The security holes were the boring ones. The ones that have been on the OWASP top ten in some form since 2003. And I think the pattern is worth writing down, because if you're shipping code with AI tools right now, the chances that you've got at least one of these in something you've built recently are higher than you'd like to think.

What "vibe coding" actually produces

I want to be careful here, because it's easy to slip into "AI bad, hand-coding good" framing and that's not the point I'm making. The code I was reading wasn't bad. The architecture was fine. The components were sensibly factored. The library choices were reasonable. If you'd handed me the same problem and a weekend, I'd probably have produced something structurally similar.

The issue is that AI coding tools are extremely good at producing the obvious thing. You ask for a user-management function and you get a user-management function. You ask for a CSV upload and you get a CSV upload. The code does the thing. It's the things around the thing - the questions a careful engineer would ask before writing the first line - that the tool doesn't volunteer.

So you get features. You get a lot of features, very fast. What you don't get, unless you ask explicitly, is the meta-layer where someone says "wait, this endpoint is reachable from the public internet and has no auth check."

Here's what that looked like in practice.

The serverless function that anyone could call

The app had a single serverless function for admin operations - create user, reset password, delete user. The kind of thing every app with role-based access has. It used the platform's privileged service key, which is the right pattern: keep the powerful credential server-side, expose a small surface, never put the key in the browser bundle.

The function had no authentication check.

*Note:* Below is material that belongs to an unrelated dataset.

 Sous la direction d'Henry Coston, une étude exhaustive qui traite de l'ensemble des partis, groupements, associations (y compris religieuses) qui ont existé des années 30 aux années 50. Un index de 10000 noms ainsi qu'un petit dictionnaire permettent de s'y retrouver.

Not "weak authentication". Not "the wrong authentication". Just none. Anyone who knew the URL - which is to say, anyone who'd ever opened DevTools on the admin page - could POST a payload and create themselves an admin account. Or reset the existing admin's password. Or delete every user.

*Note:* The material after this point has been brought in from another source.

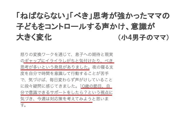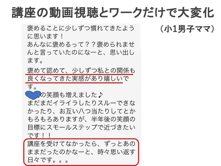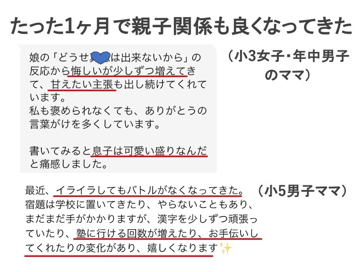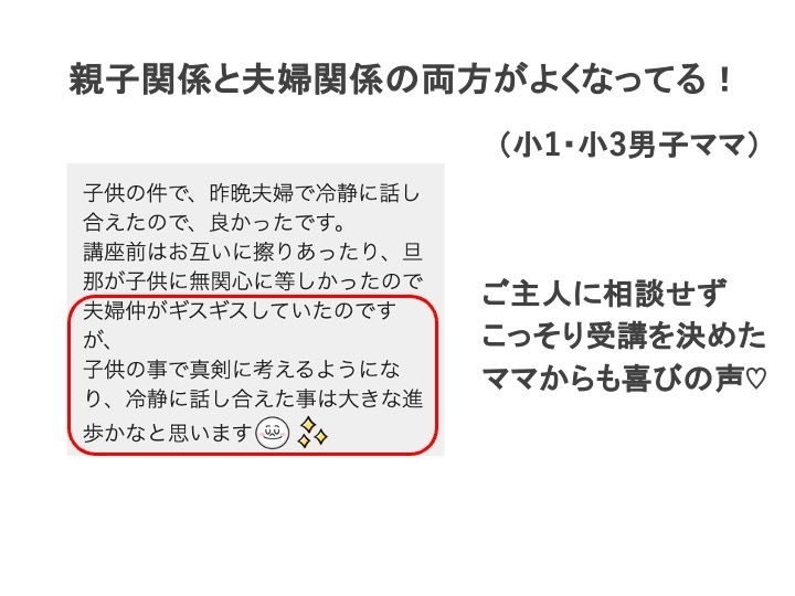 ・子どもに対して自分の理想を求めるのでなく、良いところを見つけてできることをサポートしていくことができ、親子関係が良くなった。

The frontend, of course, only called the function from inside the admin-only UI. The frontend had a perfectly reasonable check that hid the admin button from non-admins. The frontend's belief in its own security was sincere and entirely irrelevant.

This is a textbook missing-authorization bug. It's been on OWASP's list for two decades. And it's the kind of bug the AI was never going to flag on its own, because at no point in the implementation did anyone explicitly ask "who is allowed to hit this endpoint?" The prompt was "build me a function that lets admins create users." The function does that. It also lets non-admins create users. It also lets people who aren't logged in create users. The prompt didn't say it shouldn't.

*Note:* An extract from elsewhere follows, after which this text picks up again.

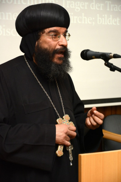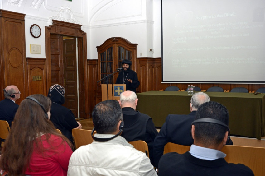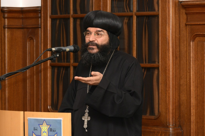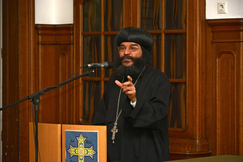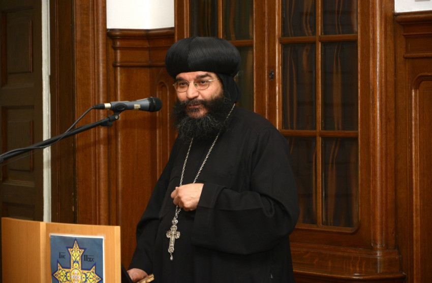 Az egyházi elöljáró előadásában bemutatta a kopt egyház történetét. A kopt szó eredete a fáraók idejére vezethető vissza, azt jelenti: ’Isten háza’. A hagyomány szerint a fáraókat is így nevezték, ezért a koptok a fáraók leszármazottjainak tartják magukat. A Krisztus utáni első században Szent Márk hatására Egyiptom keresztény lett, itt alapította meg a világ első keresztény hittudományi akadémiáját is. Egyiptom keresztény ország volt egészen a 7. századig, az arab hódításig. A 10. századra a kopt keresztények aránya a népesség ötven százalékára csökkent. Ma Egyiptom lakosságának körülbelül tizenöt százaléka, vagyis 14 millió ember keresztény. Szerte a világban pedig további egymillió kopt él.

The database that was protected on paper

The database backend supports row-level security policies - rules that say "user X can read row Y if conditions Z." That's the entire security model. The public API key is shipped in the JS bundle by design; without policies, the API key gives anyone on the internet full read/write access to every table.

The migration the AI wrote enabled RLS and added sensible policies. For the three tables the migration created.

The other five tables - the ones that already existed - were untouched. RLS may or may not have been on for them. The migration didn't enable it. The migration didn't even check. If you ran npm run db:push on a fresh database, you got an app where the new auth-related tables were correctly locked down and the actual business data tables were potentially wide open to anyone with a working internet connection.

The pattern here is subtle and worth unpacking. The AI was asked to add multi-user support. It added multi-user support. The multi-user-support code is correct. The implicit assumption it didn't surface was "and the rest of your database is presumably also protected." If your existing database wasn't already locked down - and there's no way for the model to know without being told - the new safe code coexisted happily with the old unsafe state.

You can't see this in a code review unless you go and check the database state directly. The repo will look fine. The PR will look fine. The bug is in the gap between what the code does and what the surrounding system was assumed to do.

The UI gate that wasn't a gate

The admin pages were gated client-side, the way most React apps gate things: if (user.role !== 'admin') return <Redirect to="/" />. That's a UX feature. It tells non-admins they're not supposed to be here. It doesn't stop them.

A warehouse user could open DevTools, drop to the console, and call supabase.from('clients').delete() directly. The browser ships the API key. The user is authenticated. The frontend has done its honest best to hide the button, but the API doesn't know the button is supposed to be hidden. Without the RLS policies from the previous section actually being in place on the relevant tables, the call goes through.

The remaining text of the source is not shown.